Like the beginning when writer Dashrath Joglekar’s (Nana Patekar) family go shopping in a mall, and the scene goes on forever, just so that he can get an idea for his best novel titled Bazaar—how literal can it get.

Then, on his way to Delhi to receive an award, Dashrath meet a filmmaker (Nakul Vaid) on the train, and he narrates a part of his novel Janaaza to him, in which he had created an alter ego Satish, who rescues a courtesan Lajwanti (Rekha) from her patron, who has just let his cronies rape her. In the process of the story-telling, are included three or four mujras— there’s one more later, plus a pseudo cabaret; it’s as if Ghose thought to himself, that if he had signed up prima donna Rekha, he might as well get his money’s worth of dancing from her.

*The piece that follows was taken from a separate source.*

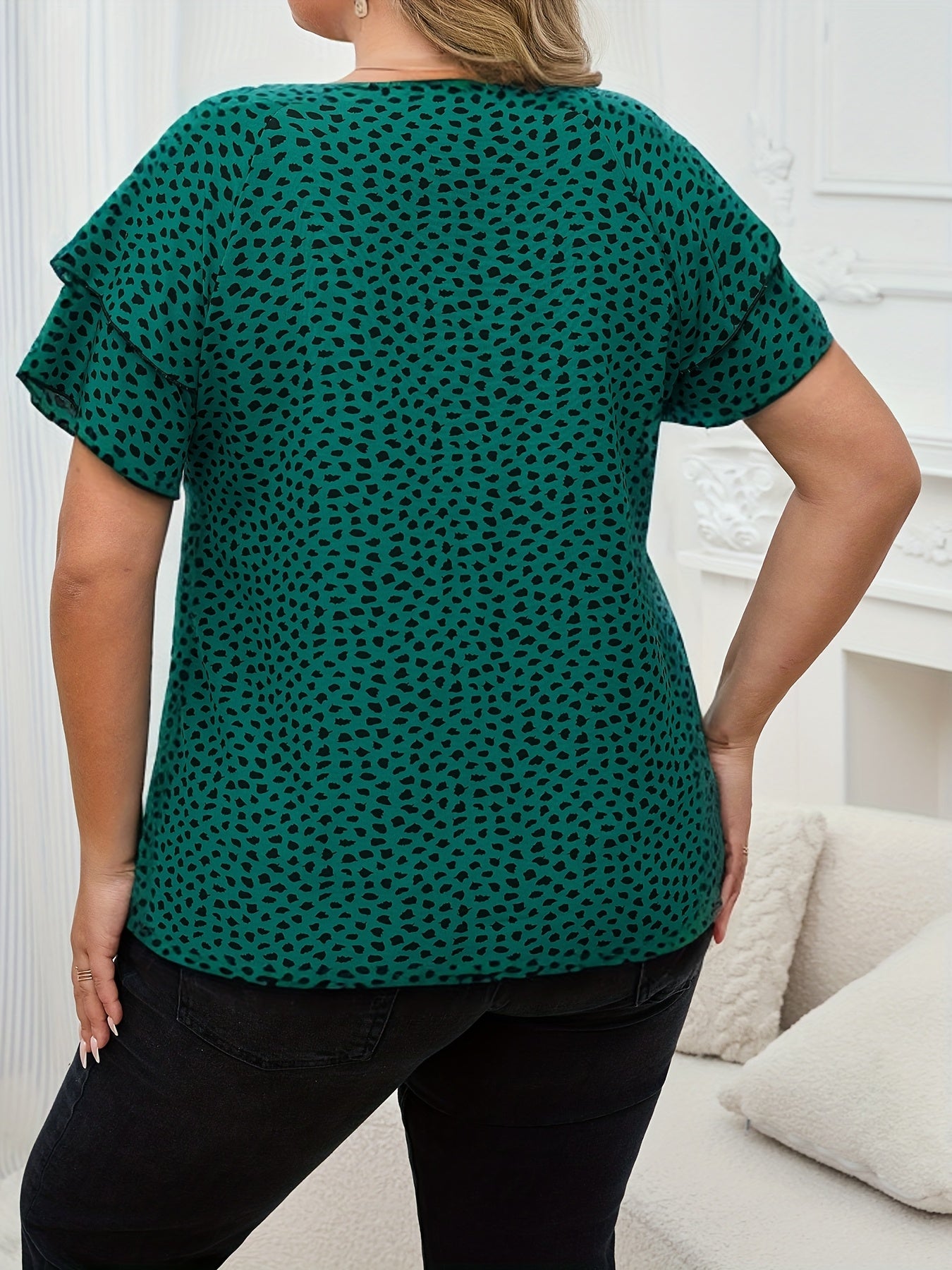Plus Size Allover Print Blouse, Elegant Ruffle Sleeve Crew Neck Top for Spring & Summer, Women's Plus Size Clothing

The literary award has been sponsored by an industrial house, that plays its commercial (starring Sanjay Dutt) before the award presentation, again so literal a device to get Dashrath an opening for a speech on consumerism and greed in a market-driven society.

Ghose is unable to express this rather stale rant in adequately cinematic terms. When Dashrath goes to meet the real Lajwanti in Hyderabad, while his wife (Deepti Naval) fumes, the classical singer and dancer is seen doing a crude film number for a bunch of drunken youth, which is meant to portray the selling of pure culture to Bollywood (that is Bazaar) vulgarity. Since Lajwanti follows this with a classical mujra for Dashrath, you deduce that Ghose wants to say that the old way of life with leisurely performance by tawaifs was better. It’s all very well to romanticize the past, but was it any less exploitative for the women?

The film splutters to life when Rekha is on screen, but towards the end, even her Umrao Jaan adas get to be giggle-inducing. Deepti Naval is bankably intense as the wife, Nana Patekar with his slow drawl is oddly off-colour.

At one point the writer asks the filmmaker about his approach to the story-- “real, unreal or surreal.” Ghose film also flounders between the three—which would have made for very exciting cinema if he had been able to pull it off. Yatra is an idea that doesn’t culminate into a very satisfying journey.